By diversifying, cells in a clonal population can together overcome the limits of individuals. Diversity in single-cell growth rates allows the population to survive environmental stresses, such as antibiotics, and grow faster than the undiversified population. These functional cell-cell variations can arise stochastically, from noise in biochemical reactions, or deterministically, by asymmetrically distributing damaged components. While each of the mechanisms is well understood, the effect of the combined mechanisms is unclear. To evaluate the contribution of the deterministic component we developed a mathematical model by mapping the growing population to the Ising model. To analyze the combined effects of stochastic and deterministic contributions we introduced the analytical results of the Ising-mapping into an Euler-Lotka framework.
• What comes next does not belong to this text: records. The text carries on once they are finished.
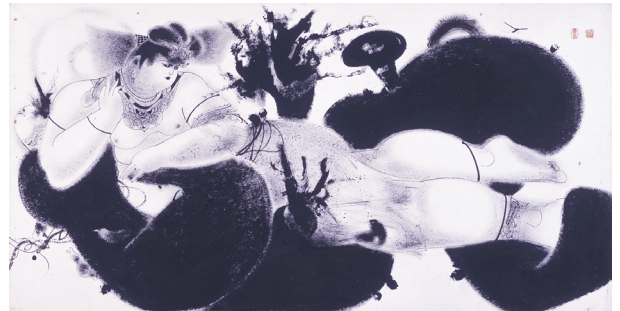
篁牛人《西王母と小鳥》昭和44年(1969)年 富山県水墨美術館蔵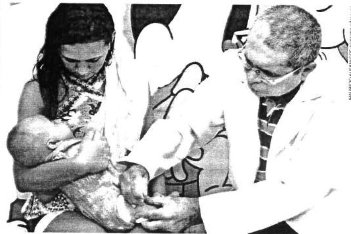
Público prioritário são crianças de um ano a menores de cinco anos para atingir a meta

"Há duas décadas não há registro de casos dessas doenças em São Luís. Por isso, é muito importante que os pais atentem para o comparecimento de seus filhos que estão dentro da faixa etária atendida pela campanha, pois tanto o sarampo como a poliomielite são doenças graves que podem ocasionar sequelas muitas vezes irreversíveis. Portanto, o caminho é a prevenção. Para isso, nós estruturamos todas as nossas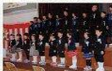
新入生紹介 元気に「はい！」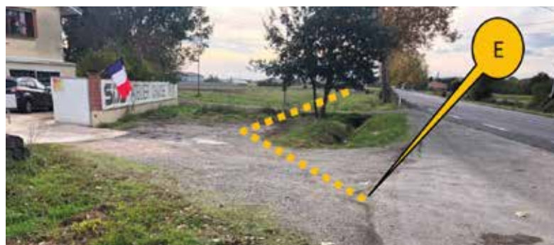
L'aménagement s'achèverait à l'extrémité Est (point E) au niveau de la contre-allée de desserte locale en limite de la commune de Saint-Lys.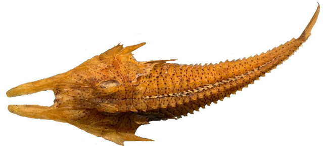
Fig. 4. Image of comparative specimen; Dorsal view of Satyrichthys rieffeli from Korea (NIBR-P 0000014510, 169.1 mm SL). SL, standard length.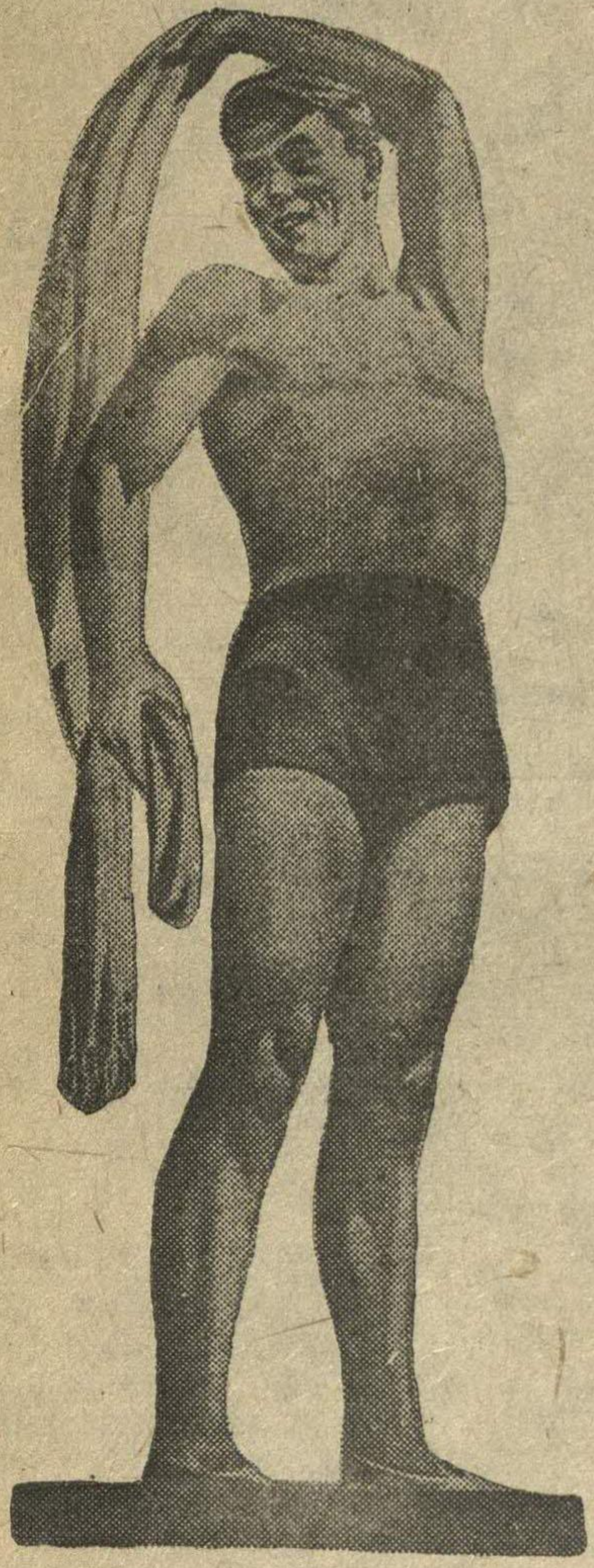
Не всегда турник и кольца Под рукой у комсомольца, Но проснувшись утром рано, От себя отбросив лень, Физкультурную зарядку Нужно делать каждый день!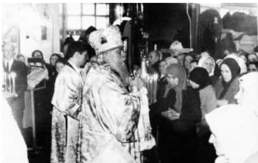
Приезд архиепископа Климента в Карпинск, 1968 г.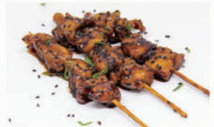
125. YAKI TORI Spiedini di pollo con salsa teriyaki 6,11,1,6 € 7,00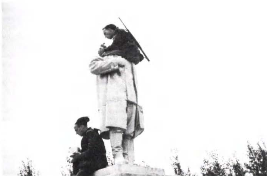
Abb. 5: Ostfront – Schwarzhemden der Legion „Tagliamento“ verzehren ihre Ration auf einer zerstörten Statue von Josef Stalin, Juli 1942.

Model results, confirmed by simulations and experimental data, show that deterministic cell-cell variations increase near-linearly with stress. As a consequence, we predict that the gain in population doubling time from cell-cell variations is primarily stochastic at low stress but may cross over to deterministic at higher stresses. Furthermore, we find that while the deterministic component minimizes population damage, stochastic variations antagonize this effect. Together our results may help identifying stress-tolerant pathogenic cells and thus inspire novel antibiotic strategies.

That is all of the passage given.